LinkedIn - John C. Kirk
May. 12th, 2011
09:09 pm - LinkedIn
I've just created a profile on LinkedIn, mainly so that I can offer an informed opinion about it. I haven't put anything particularly interesting in there, but feel free to add me as a contact:
When I joined Facebook (back in Jun 2007), I wasn't too impressed when they asked me give them the password to my email account. LinkedIn do exactly the same thing, and I'm not going to tell them either. So, I'm now doing the same thing that I did with LiveJournal, FaceBook, and Twitter: finding one or two people who I know, then "raiding" their contact list to add extra people to my list. So, don't be surprised if you get a request from me soon.
LinkedIn say: "Important: Only invite people you know well and who know you." So, how well do you need to know someone to add them? For instance, I try to keep my list of Facebook friends at about 50 (based on the Monkeysphere theory), but I've seen other people with several hundred "friends", and I'm sure they don't really have meaningful relationships with all those people. One guy used to get mopey whenever his number of friends went down, because he didn't know why people were abandoning him. My view was that if he couldn't actually work out who was missing (i.e. he couldn't remember them) then they weren't really friends in the first place. It's tricky, though: sometimes I've been hesitant to add people (e.g. SJA colleagues) because I don't want to seem pushy, but I also feel guilty about turning down requests from people I don't know particularly well. If I'm "connecting" to people on LinkedIn as colleagues rather than friends, I assume that means that we're not expected to be drinking buddies. On the other hand, at a big company there will be colleagues that you've never even met. So, does it simply mean "Yes, I know who they are, and I agree that we work together" or does it mean "We're on the same team and we talk to each other every day"?
There was an odd glitch earlier, where I'd view someone's list of connections (i.e. "friends of a friend"), but whenever I clicked on someone it said "You and this LinkedIn user don't know anyone in common". That seems to have fixed itself now, but it hasn't given me a great first impression. (The people in question also had missing photos, which have now reappeared.)
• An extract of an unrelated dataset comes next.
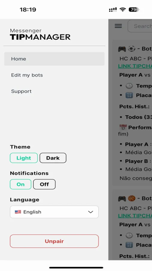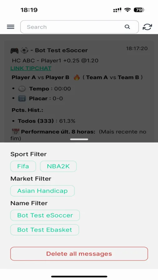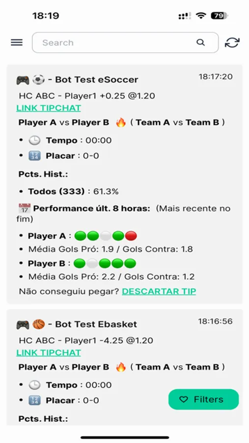 TipChat is an app created to receive your eSoccer, eBasket, Football, and Table Tennis tips directly on your mobile phone! Set up your bot with your filters using TipChat and receive all the signals on your phone, without having to analyze match by match. To connect, simply go to your profile on the TipManager website, use one of the connection keys, and use it to connect.
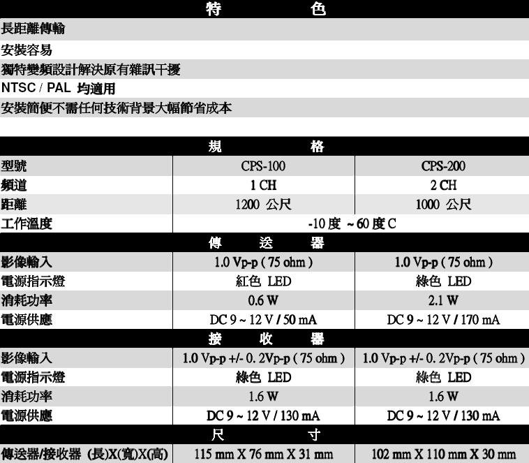CPS-200 抗干擾長距離傳輸組(2路影像)

Edit: After it fixed itself, it's now broken itself again.
More generally, I still don't really understand what the site is for. I use LiveJournal a lot as a way to pontificate at length (ahem) about whatever's on my mind. I don't post much to Twitter, but it's handy for short messages like "Good episode of Dr Who tonight" or "I've just voted" which don't really merit a full blog post. I mainly use Facebook to plan events and look at people's photos. As far as I can tell, the theory of LinkedIn is to get a foot in the door, e.g. "I'd like to contact person X and we both know Fred so I can ask Fred to introduce us". However, that means that person X is on LinkedIn, so you could just send them a message directly. Is it more of a job-hunting site? If people are posting their CVs etc. then it mainly looks like public info rather than personal data, so I don't think there are many privacy concerns about adding random contacts to your list; in fact, you need to make that info public for people to be able to find you.
Anyway, it's not costing me anything to have a profile (since I won't pay for the "Pro" option), so I'll see what happens. Maybe I'm just missing something obvious here, which will become clearer with time.